Another noob question, in this orthographic projection context I see that if a vertex has coords (x,y,z), its screen position is (x,y). So far, nothing weird, it's orthographic projection. But I see that the screen space is not a traditional clip space, meaning it's not normalized. If I choose W,H = 400, then the screen coordinates of vertices can go from -200 to 200 Shouldn't it be normalized? Usually after projection the vertex coords are in clip space, and I've never seen a clip space not using [-1,1] along all its dimensions, but I may be mistaken
I can verify that after making the changes that @julienvalentin suggested, the rasterizer is still outputting inf
nb: this is @julienvalentin; currently having issues with my other GitHub account.

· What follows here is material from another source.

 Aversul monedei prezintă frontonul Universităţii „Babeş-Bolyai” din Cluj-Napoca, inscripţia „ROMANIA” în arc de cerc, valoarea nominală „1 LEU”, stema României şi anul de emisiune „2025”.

@franknod by default the maximum depth is set to infinity, so this is the expected value when no triangle is 'visible' by any given pixel.
Can you generate an image of the result and confirm that it matched what I sent?

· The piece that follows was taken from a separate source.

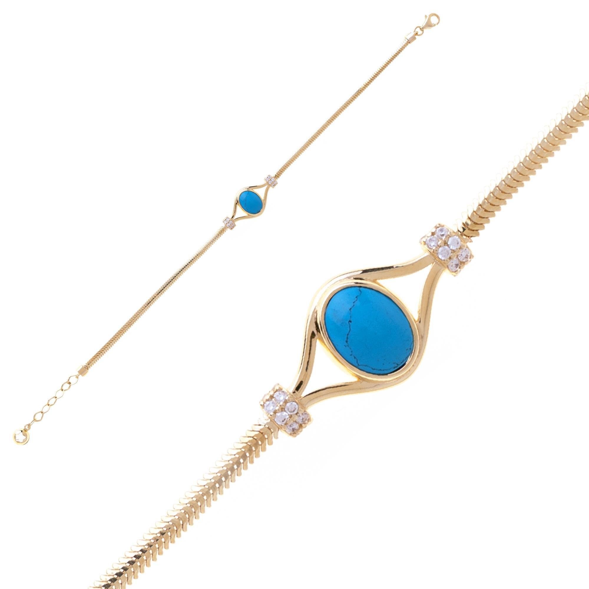 Şıklığı ve zarafeti bir arada sunan 14 Ayar Firuze Bileklik ile özel anlarınızı taçlandırın!
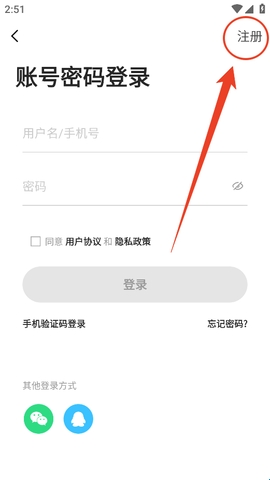3、紧接着点击右上角“注册”。

Hi @julienvalentin the image is like this:
Seems like it is working! Meanwhile, could the code import a mesh with textures and rasterize it?
@franknod the renderer can rasterize the mesh, and provide for depth and barycentric coordinates. You can then perform deferred rendering and apply pretty much anything you wish (interpolation of vertex colors / lighting etc.). Right now we leave it to the user to apply these 'effects'. Happy to assist more if needed.
@julienvalentin I am thinking of working with .obj files using TFGraphics, do you have any suggestions on how I should go about it?
@franknod both topics are independent, you can just use any .obj parsing lib and then send the data to TFG in the format it needs
Closing this thread.
Side note: we are currently working towards an efficient GPU implementation based on OpenGL.
Hi! I have been trying to get rasterizer to work using the rasterizer_rasterize() function. However, the tensors it return to me are all inf or -1s. Any idea why this is the case?